Prayers of Discipleship To Finish One’s Work

Focus Question: O God, what am I to do while on this earth?

word of life

[Jesus] said to them, “Go and tell that fox for me, ‘Listen, I am casting out demons and performing cures today and tomorrow, and on the third day I finish my work.’” Luke 13:32 (NRSV)

Read Luke 13:31-35

Throughout the gospels, the Pharisees are often portrayed as those who challenge Jesus and his teaching. Many times the Pharisees become offended by Jesus, his actions, and the behavior of his disciples. In Luke’s Gospel, the Pharisees are portrayed in a balanced way with a more moderate perspective. (See Luke 7:36; 11:37; 14:1)

In the passage for this Sunday, the Pharisees warn Jesus about Herod and suggest Jesus depart for safety. It does not appear to be a trap, nor does their admonition appear to contain a hidden agenda. The Pharisees seem to genuinely desire to help and protect Jesus.

  1. Does this portrayal of the Pharisees surprise you?

  2. Why would Herod want to kill Jesus?

When Jesus hears the threat about Herod, he does not run or hide. Instead, he calls Herod “a fox.” It is unclear if that reference is due to the harm of Herod or his trickery. Either way, it is not a positive portrayal of Herod. Jesus is not naïve about the dangers of Herod, nor does he back away.
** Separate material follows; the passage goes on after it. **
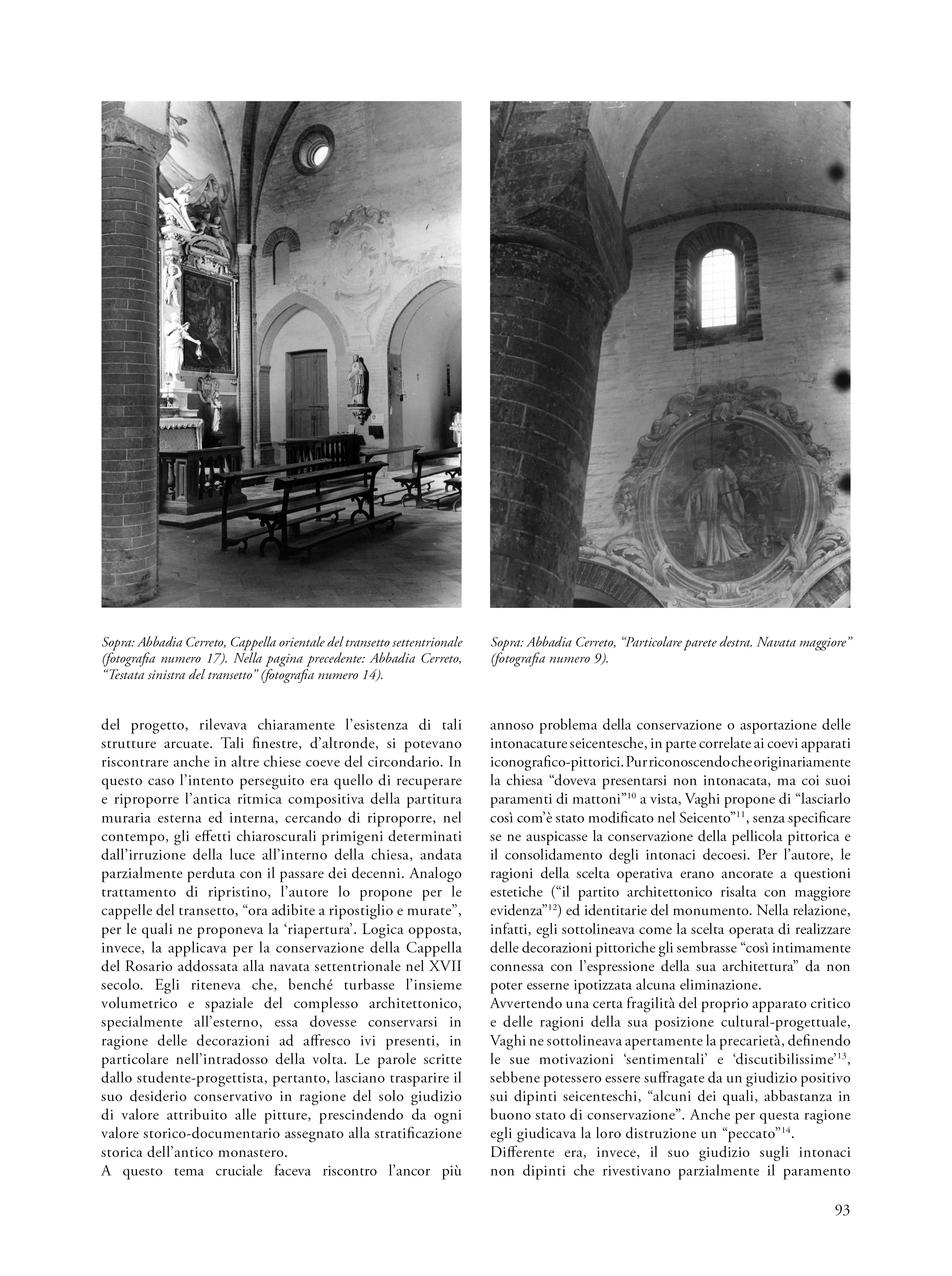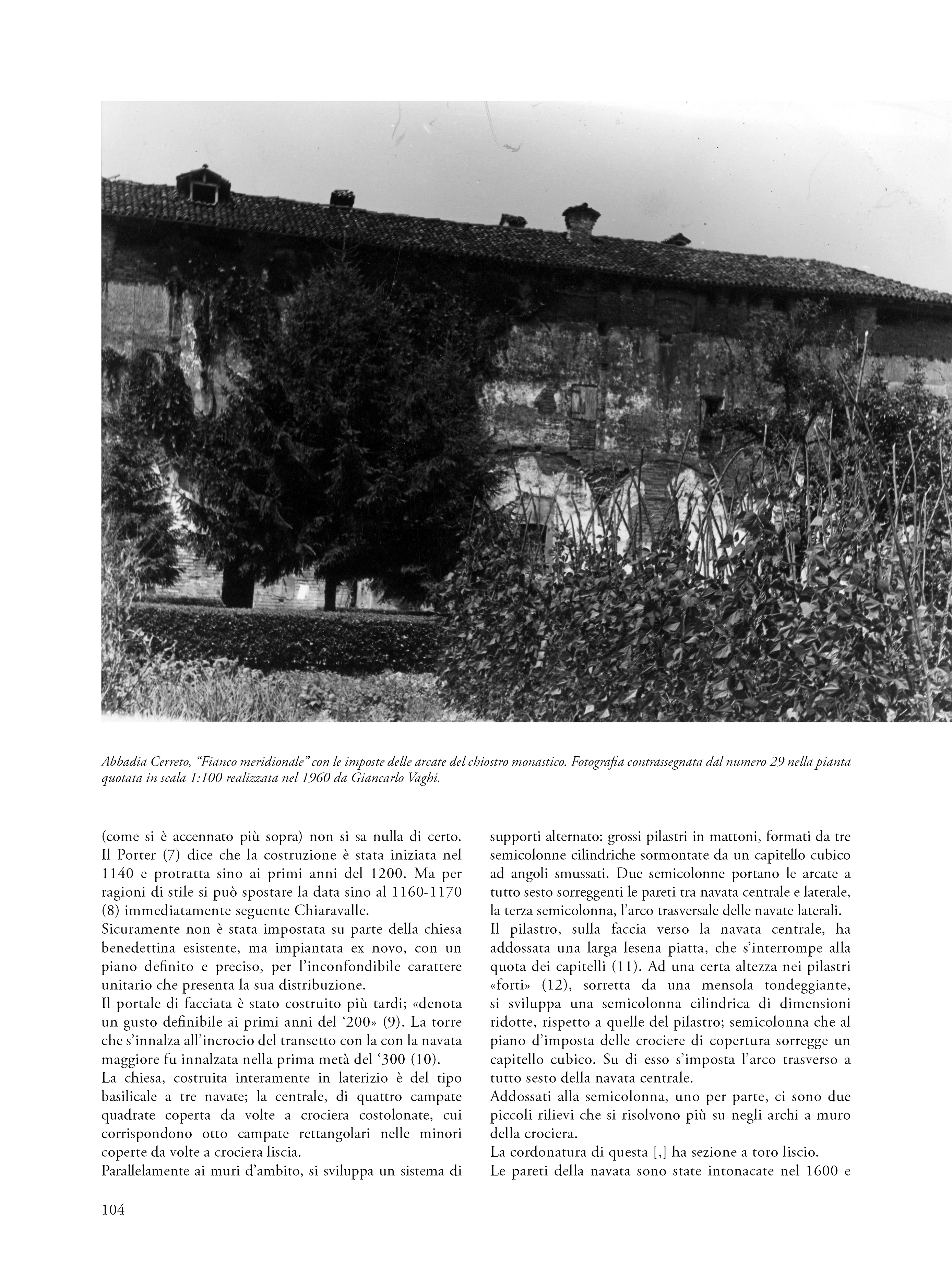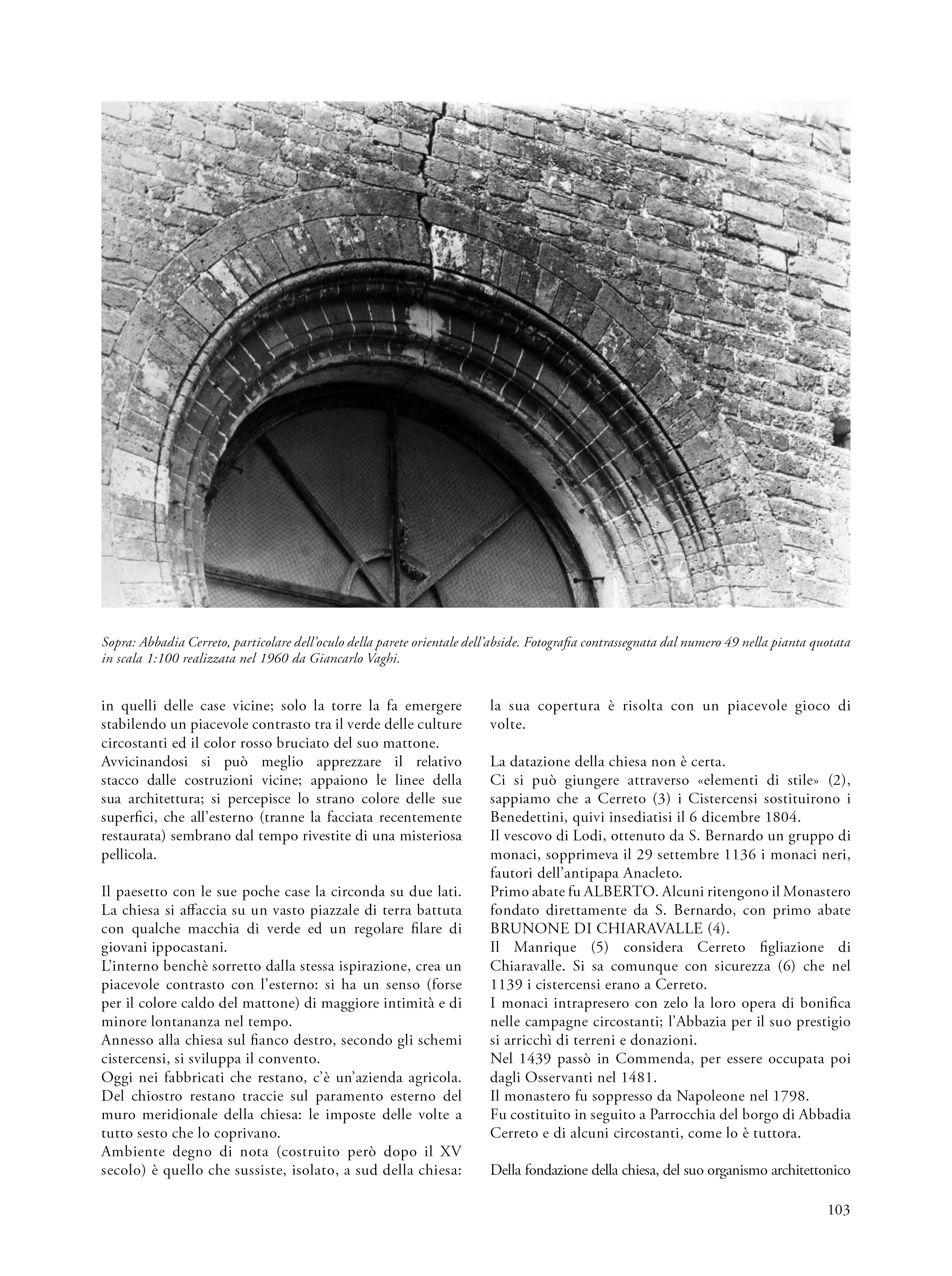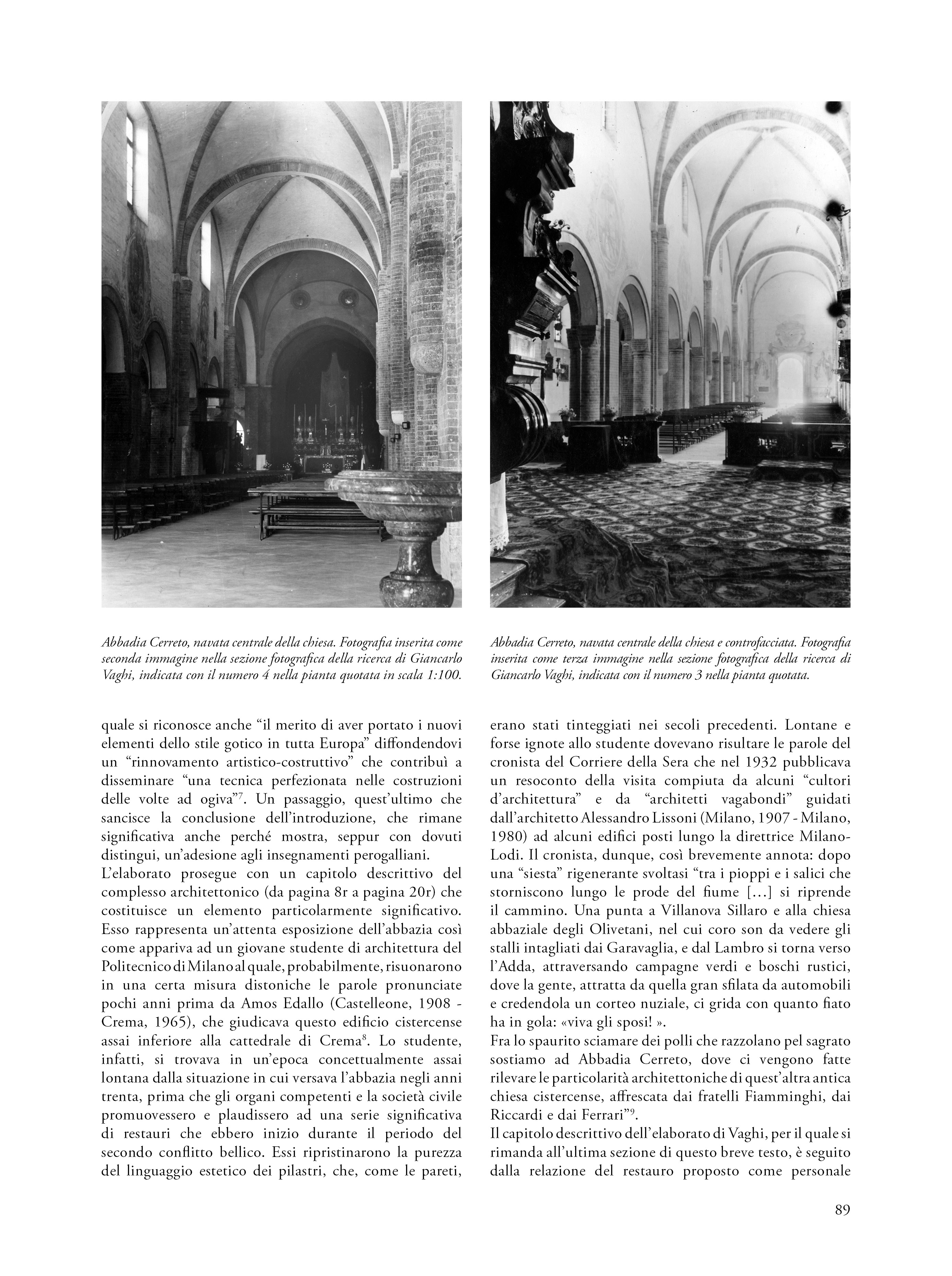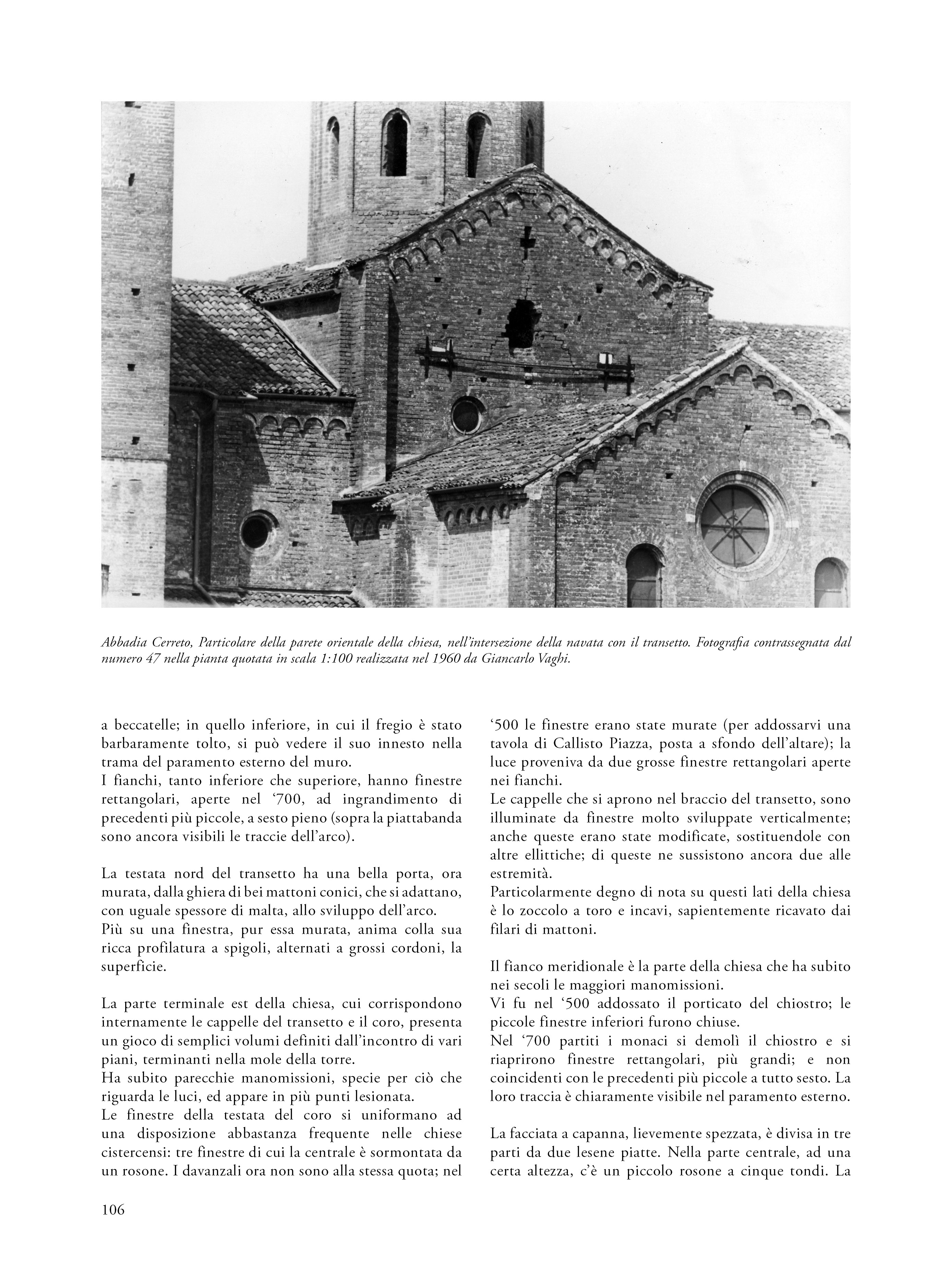 Il saggio propone una riflessione su un’esercitazione svoltasi nel 1960 nell’ambito del corso di Restauro tenuto al Politecnico di Milano dal prof. Carlo Perogalli. Il testo analizza l’elaborato che propone un intervento di restauro critico e conservativo sull’abbazia cistercense di Abbadia Cerreto (Lodi), fondato sulla conoscenza storica e sulla lettura architettonica del complesso come appariva sessantacinque anni fa. L’autore del progetto rifiuta le ricostruzioni arbitrarie e privilegia interventi reversibili e riconoscibili, in linea con il dibattito interno al polo universitario milanese e in adesione alla Carta di Atene (1933), anticipando parzialmente i contenuti della Carta di Venezia del 1964. L’abbazia è descritta come esempio significativo di architettura cistercense lombarda, con particolare attenzione alla verticalità, all’uso del mattone e alla torre nolare ottagonale, in parziale adesione al metodo narrativo proposta dal docente e storico milanese. Il progetto evidenzia una sensibilità storicista e una precoce coscienza critica del patrimonio, rendendo l’esercitazione non solo un’interessante testimonianza dello stato conservativo del complesso architettonico lodigiano, ma anche una testimonianza metodologica dell’insegnamento del restauro negli anni sessanta.

Take special attention to the emphasis of Jesus on his ongoing ministry. Demons are cast out and illnesses are cured—today and tomorrow. Jesus is not going to stop his ministry because of threats from Herod. Jesus lives his life with a sense of purpose and clarity. There is a sense of urgency with his actions. Jesus acknowledges his work will end on the third day.

  1. What work is Jesus finishing?

  2. How is it that Jesus is so clear and focused on his work?

  3. How might life choices change once it is known there is only a limited amount of days?

  4. What is the reference to the “third day”?

Luke emphasizes the city of Jerusalem, referring to it ninety times in the Gospel of Luke and Acts. Jesus appears acutely aware of the role of the city of Jerusalem, acknowledging no prophet can be killed outside of Jerusalem.

  1. How does it appear Jerusalem receives someone like Jesus?

  2. What makes it difficult to receive God’s prophet?

  3. What happens if God’s prophets criticizes or calls for reforms?

Jesus laments over the city of Jerusalem. It is with tender compassion Jesus describes his own desire to gather the city like a mother would gather children or a hen protects her brood under her wings. Yet, Jerusalem needs to be willing to be gathered and protected. People need to want to learn the teachings of Jesus and be transformed by this love. The sadness of Jesus overflows as he moves toward that third day of his death and resurrection – aware his own people will turn on him.

  1. What motivates Jesus to continue on and complete his work?

word among us

The painter pulled out the gray paint bucket, some paintbrushes, and his ladder. He was committed to painting the shed on that beautiful Saturday. Just as he opened the lid of the paint bucket, his seven-year-old son came running from the house, wanting to play catch. The father slowly put the lid back on the paint can and played with his son, savoring the moment of fun and laughter with his child. But then, he went back to work.

Once more, the painter began to lift the lid of the paint bucket; and once again, he was interrupted. This time it was the ringing of his cell phone. His business partner had a few questions. Supposedly, the phone call would only take a few minutes. The day progressed, overflowing with interruption after interruption. It seemed every time the painter bent over to remove the paint can lid, there was a new interruption.

But he was determined to paint the shed on that Saturday. Once he started, he simply could not be stopped. His family smiled at his commitment to this task. He didn’t stop for lunch or supper. He painted and he painted. Eventually, the sun began to set and dusk filled the yard. But, he kept on painting. He was focused and undeterred until he finished his job.

  1. Can you relate to this story?

  2. How easy or difficult is it for you to complete a job?

  3. How does it feel to complete a task or a job?

Jesus was clear about his mission on this earth and was unrelenting. Neither Herod, nor Jerusalem, nor even his disciples could get him off course. He set his eyes toward Jerusalem, a path which would lead to the cross and his own sacrifice. The lament of Jesus indicates his own deep awareness of the fickleness of the crowd. He was prepared for the adoration of the crowd waving palm branches and cheering, “Blessed is the one who comes in the name of the Lord.” followed by cries of “Crucify him!” Despite it all, Jesus stayed the course and completed his work.

  1. What can we learn from Jesus in this passage?

  2. How could Jesus not get discouraged?

As we consider our own prayers of discipleship, it is critical to discern God’s will for our own lives. We pray that we might discover the ways to use our God-given gifts and commit to finish our work – whatever that means.

  1. How clear are you concerning your mission?

  2. If a person came to you and wanted to discern his or her mission, what would you say?

  3. Does our “work” necessarily mean our employment, or what else might be included in our “work on this earth”?

  4. If someone is not employed, how might he or she serve Christ?

  5. As you finish this lesson, what is your prayer?


Creator of the Universe, create in me a clarity of purpose. Reduce the distractions in my life so I might clearly follow Christ and finish my work on this earth.

Dig Deeper

Luke 22:39-46

last word

Take time this week to begin a list of those things

you believe God wants you to do in your lifetime.